Intersection: Shark Week
This week is Shark Week on the Discovery Channel and this year Dr. Toby Daly-Engel, assistant professor of ocean engineering and marine sciences at the Florida Institute of Technology, is on it. She says it can be a great avenue to show people the reality of sharks.
“As long as something like Discovery Channel and Shark Week are presenting the reality, ideally as long as they can kind of get as close to the science as possible, I think they’re doing a really good thing by informing people,” Daly-Engel says.
“The value to the field of marine biology and to sharks themselves is in really letting people know how cool sharks are and how it’s normal to be scared of them, but in reality they’re such an important part of the ecosystem,” Daly-Engel says. “The value is that people hear about sharks. That people hear the reality as opposed to the fiction.”
Shark attacks occur, but Daly-Engel says it’s not because they intend to eat humans.
“We are not their prey. They did not evolve to eat us and they are long lived, very cautious creatures. Remember, a shark that hasn’t eaten for a month is no more likely to attack than a shark that just had a meal because they’re so careful,” Daly-Engel says.
She says the most shark attacks happen in “Florida, Hawaii and California between the hours of 1 and 3 p.m.”
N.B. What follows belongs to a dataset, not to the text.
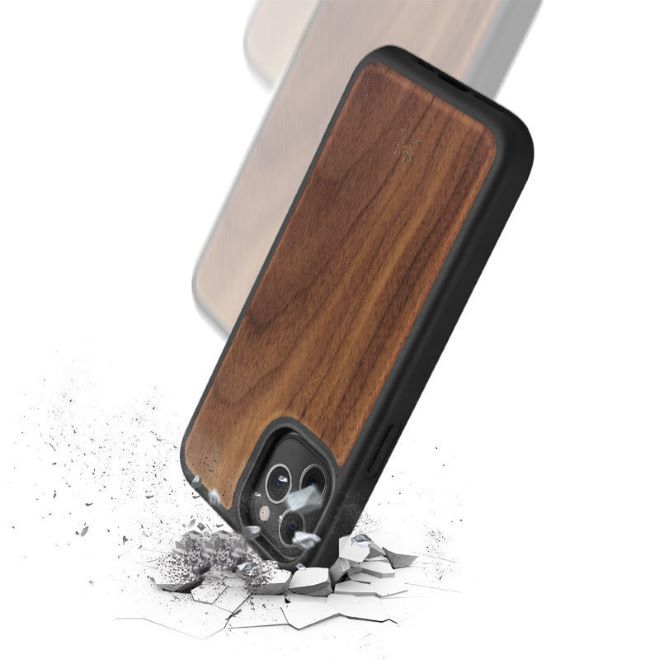 Das iPhone 12 mini Bumper Case ist aus echtem Walnuss-Holz hergestellt und verfügt über einen Silikonrahmen, welcher Stürze von bis zu 1.4 Metern Höhe auffängt.

“That’s not when sharks are hungry. That’s when people are in the water. We think that shark attack is actually just a case of mistaken identity. They didn’t evolve to eat us, but we’re in their environment and so mistakes will happen,” Daly-Engel says.
“The best thing to do is to be calm. You are much more likely to be killed by a vending machine or by a Christmas tree than by a shark.”
Daley-Engel was part of a team that reported this month their discovery of a new species of sharks with the use of DNA technology. Her episode on Shark Week airs Friday, July 27.
This interview first aired on Intersection in May 2018.